## About this exercise:
Write out again the entries from the first line to the line that includes "經濟學院正處級專職組織員吳嬰", keeping both of those lines.

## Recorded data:

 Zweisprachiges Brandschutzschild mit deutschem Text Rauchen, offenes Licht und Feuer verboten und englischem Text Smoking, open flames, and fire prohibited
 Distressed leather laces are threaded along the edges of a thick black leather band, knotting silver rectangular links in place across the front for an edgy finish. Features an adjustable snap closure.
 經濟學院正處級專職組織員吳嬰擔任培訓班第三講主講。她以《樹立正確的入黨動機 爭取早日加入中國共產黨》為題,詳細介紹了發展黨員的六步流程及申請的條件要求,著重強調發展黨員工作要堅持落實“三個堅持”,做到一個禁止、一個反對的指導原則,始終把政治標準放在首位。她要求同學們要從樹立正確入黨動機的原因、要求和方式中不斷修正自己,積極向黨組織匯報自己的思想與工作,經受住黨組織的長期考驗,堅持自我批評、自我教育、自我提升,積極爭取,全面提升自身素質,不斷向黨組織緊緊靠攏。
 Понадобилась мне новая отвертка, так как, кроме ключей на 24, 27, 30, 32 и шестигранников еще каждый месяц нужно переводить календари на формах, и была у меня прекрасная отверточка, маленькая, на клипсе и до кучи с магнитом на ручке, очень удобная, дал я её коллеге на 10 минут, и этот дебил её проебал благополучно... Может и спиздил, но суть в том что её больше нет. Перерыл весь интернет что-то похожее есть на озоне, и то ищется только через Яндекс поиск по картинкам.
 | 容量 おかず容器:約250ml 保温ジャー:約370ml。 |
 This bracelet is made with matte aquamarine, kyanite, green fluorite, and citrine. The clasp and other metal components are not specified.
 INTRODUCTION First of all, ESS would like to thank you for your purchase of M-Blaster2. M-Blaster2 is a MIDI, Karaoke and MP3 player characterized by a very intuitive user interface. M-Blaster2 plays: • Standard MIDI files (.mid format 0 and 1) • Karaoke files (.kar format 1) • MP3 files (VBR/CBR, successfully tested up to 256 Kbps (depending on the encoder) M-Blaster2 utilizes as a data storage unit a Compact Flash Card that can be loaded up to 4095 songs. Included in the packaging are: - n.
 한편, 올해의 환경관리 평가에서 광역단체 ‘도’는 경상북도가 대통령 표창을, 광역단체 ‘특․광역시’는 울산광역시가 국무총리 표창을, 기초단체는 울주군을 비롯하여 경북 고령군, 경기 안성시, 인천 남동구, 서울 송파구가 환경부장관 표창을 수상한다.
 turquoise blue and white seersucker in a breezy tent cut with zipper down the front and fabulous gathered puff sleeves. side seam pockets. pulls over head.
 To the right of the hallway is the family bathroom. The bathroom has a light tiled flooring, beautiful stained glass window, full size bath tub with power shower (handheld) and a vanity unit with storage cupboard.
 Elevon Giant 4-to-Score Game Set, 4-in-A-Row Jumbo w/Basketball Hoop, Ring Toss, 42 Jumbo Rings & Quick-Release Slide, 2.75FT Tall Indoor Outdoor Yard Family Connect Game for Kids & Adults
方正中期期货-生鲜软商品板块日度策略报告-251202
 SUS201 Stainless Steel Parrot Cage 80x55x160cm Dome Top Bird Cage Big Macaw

## Result of the exercise:
 Zweisprachiges Brandschutzschild mit deutschem Text Rauchen, offenes Licht und Feuer verboten und englischem Text Smoking, open flames, and fire prohibited
 Distressed leather laces are threaded along the edges of a thick black leather band, knotting silver rectangular links in place across the front for an edgy finish. Features an adjustable snap closure.
 經濟學院正處級專職組織員吳嬰擔任培訓班第三講主講。她以《樹立正確的入黨動機 爭取早日加入中國共產黨》為題,詳細介紹了發展黨員的六步流程及申請的條件要求,著重強調發展黨員工作要堅持落實“三個堅持”,做到一個禁止、一個反對的指導原則,始終把政治標準放在首位。她要求同學們要從樹立正確入黨動機的原因、要求和方式中不斷修正自己,積極向黨組織匯報自己的思想與工作,經受住黨組織的長期考驗,堅持自我批評、自我教育、自我提升,積極爭取,全面提升自身素質,不斷向黨組織緊緊靠攏。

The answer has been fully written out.